> HOW TO COMPLETE THIS TASK:
In this exercise, retype exactly and only the lines from the top of the entries below through the line that holds "COLLECTOR ARTWORK MASTERPIECE", omitting pictures.

> SOURCE DATA:
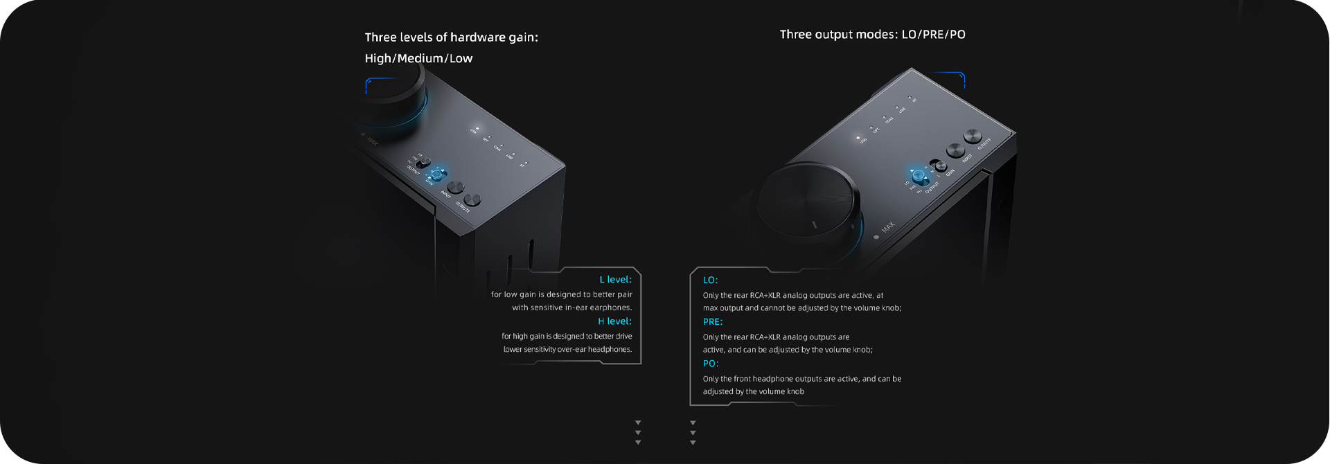 Kultowe, masywne pokrętło głośności FIIO jest zasilane przez rekonstrukcję krzywej ADC, co pozwala na precyzyjną i płynną regulację w obrębie 120 poziomów głośności, przy minimalnym szumie i odchyleniach głośności pomiędzy lewym i prawym kanałem.
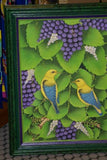 GIGANTIC 31”x 25” ORIGINAL DETAILED COLORFUL BALINESE PAINTING ON CANVAS BY RENOWN UBUD ARTIST RAINFOREST PARADISE WITH FOLIAGE BIRDS FRUIT FRAMED IN CUSTOM FRAME HAND PAINTED TO MATCH DFBB40 DESIGNER DECORATOR WALL DÉCOR COLLECTOR ARTWORK MASTERPIECE
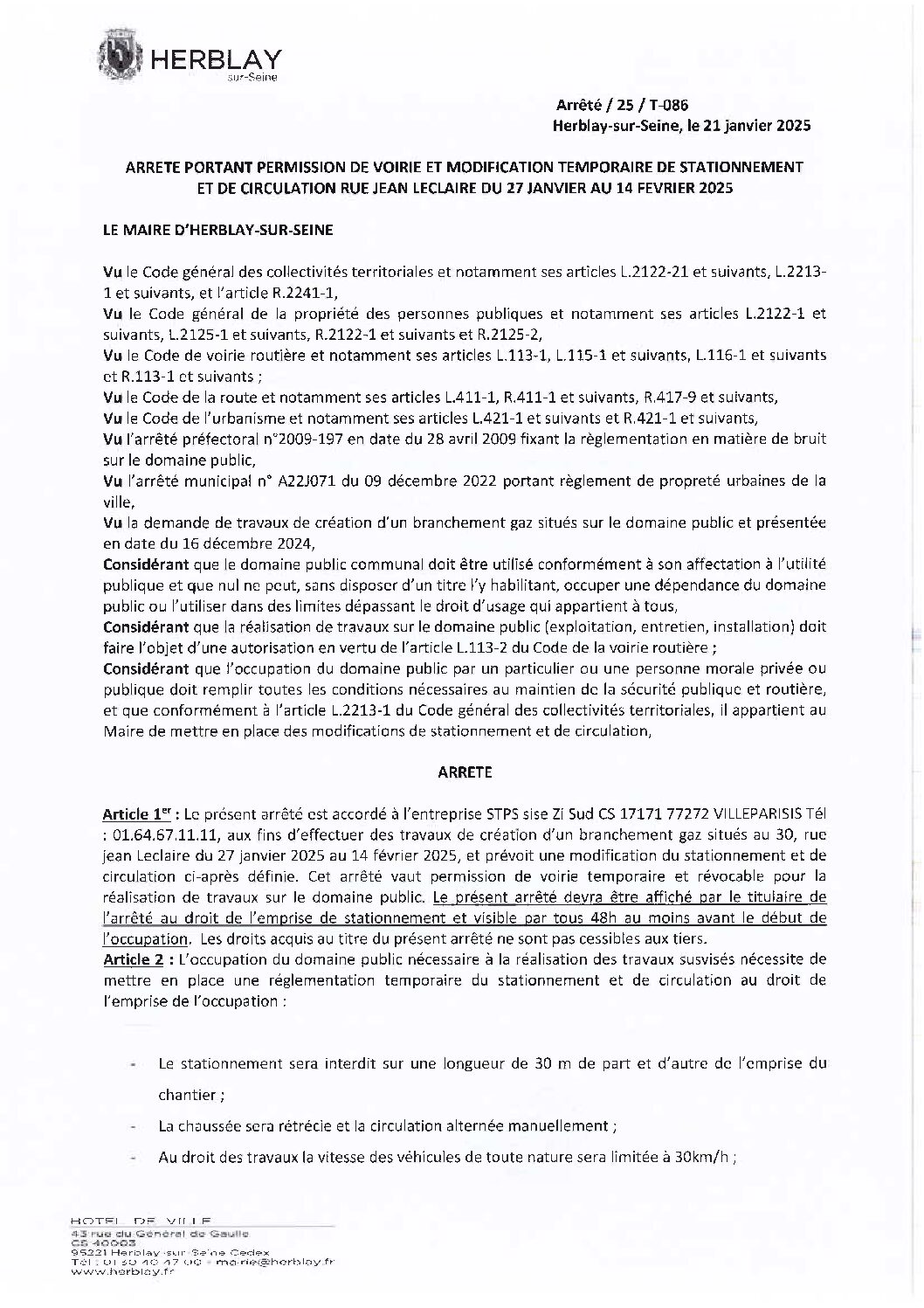 Arrêté portant permission de voirie et modification temporaire de stationnement et de circulation rue Jean Leclaire
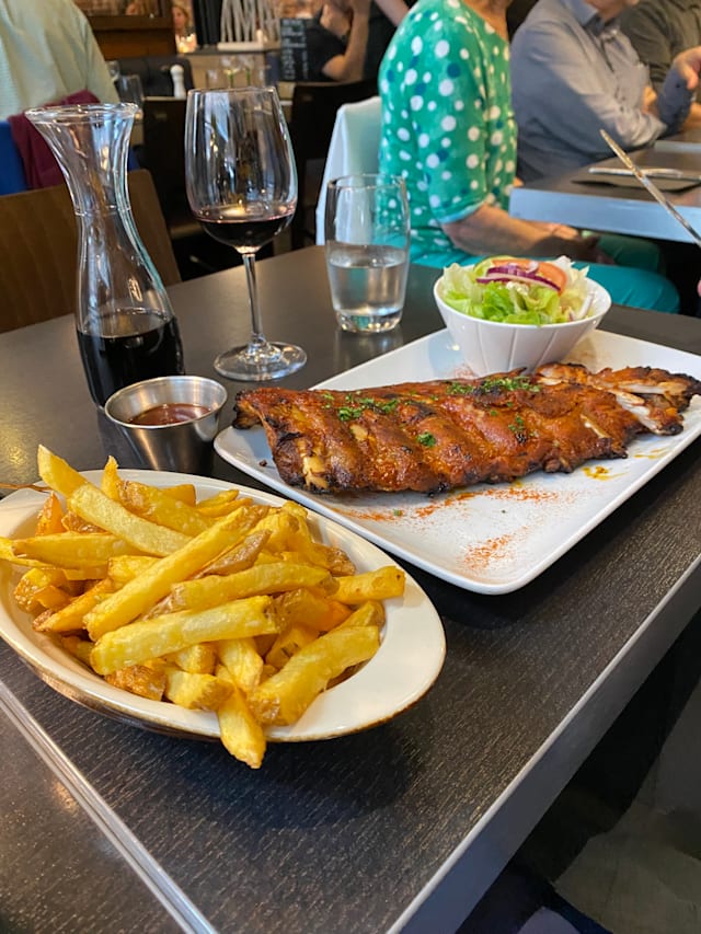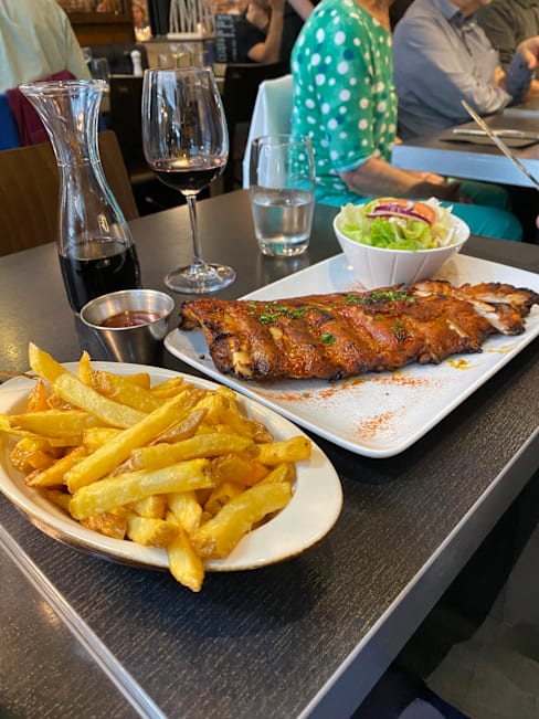 8/10Solid as reviews said. We had burger ribs and the salmon with spaetzel. All good. Full all tables bustling but solid and good comfort food night away from the cream sauces of Alsace.
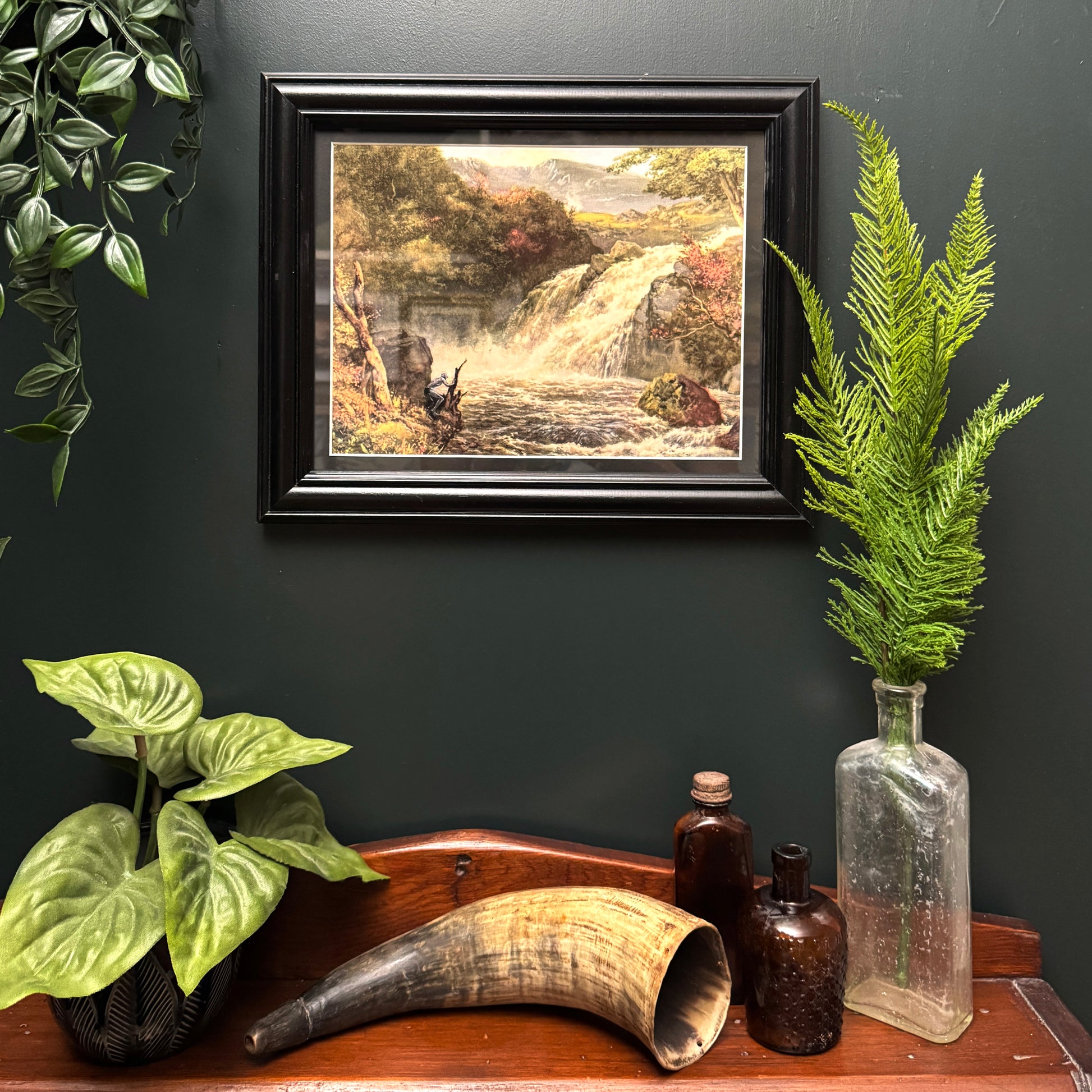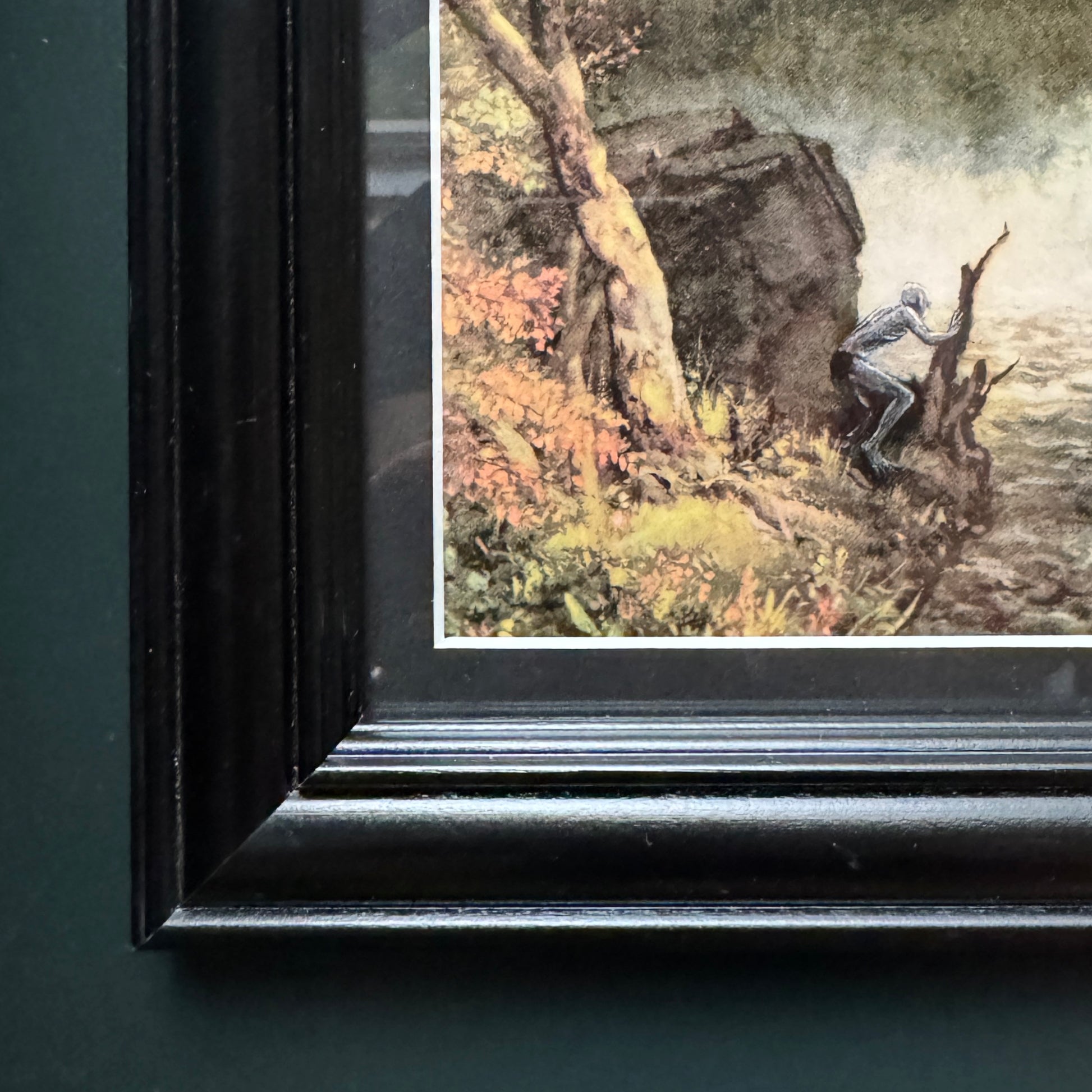 The original antique print (possibly by C.Gill 1864) was collected locally in Ontario. Paper print. The original matte has some watermarks on it, which I've left as I think it continues the idea that Gollum was always in this painting from long ago.
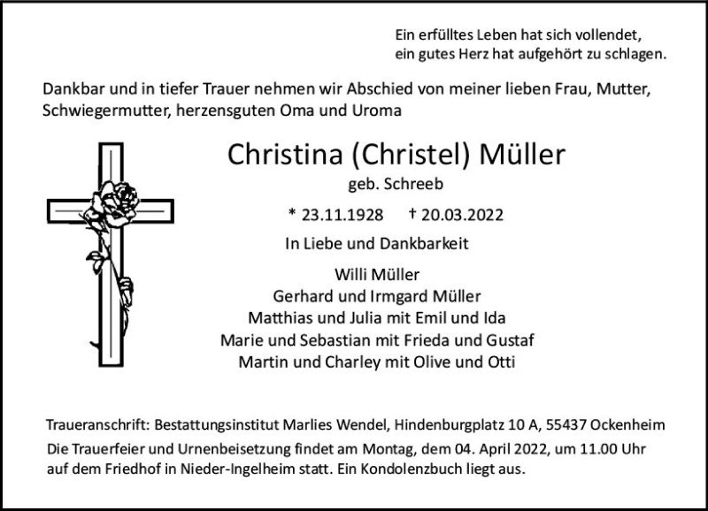 Hier finden Sie alle Traueranzeigen aus der Zeitung, die bisher für Christina Müller erschienen sind. Weitere Traueranzeigen, die in der Zeitung erscheinen, werden hier ebenfalls aufgelistet

> OUTPUT:
 Kultowe, masywne pokrętło głośności FIIO jest zasilane przez rekonstrukcję krzywej ADC, co pozwala na precyzyjną i płynną regulację w obrębie 120 poziomów głośności, przy minimalnym szumie i odchyleniach głośności pomiędzy lewym i prawym kanałem.
 GIGANTIC 31”x 25” ORIGINAL DETAILED COLORFUL BALINESE PAINTING ON CANVAS BY RENOWN UBUD ARTIST RAINFOREST PARADISE WITH FOLIAGE BIRDS FRUIT FRAMED IN CUSTOM FRAME HAND PAINTED TO MATCH DFBB40 DESIGNER DECORATOR WALL DÉCOR COLLECTOR ARTWORK MASTERPIECE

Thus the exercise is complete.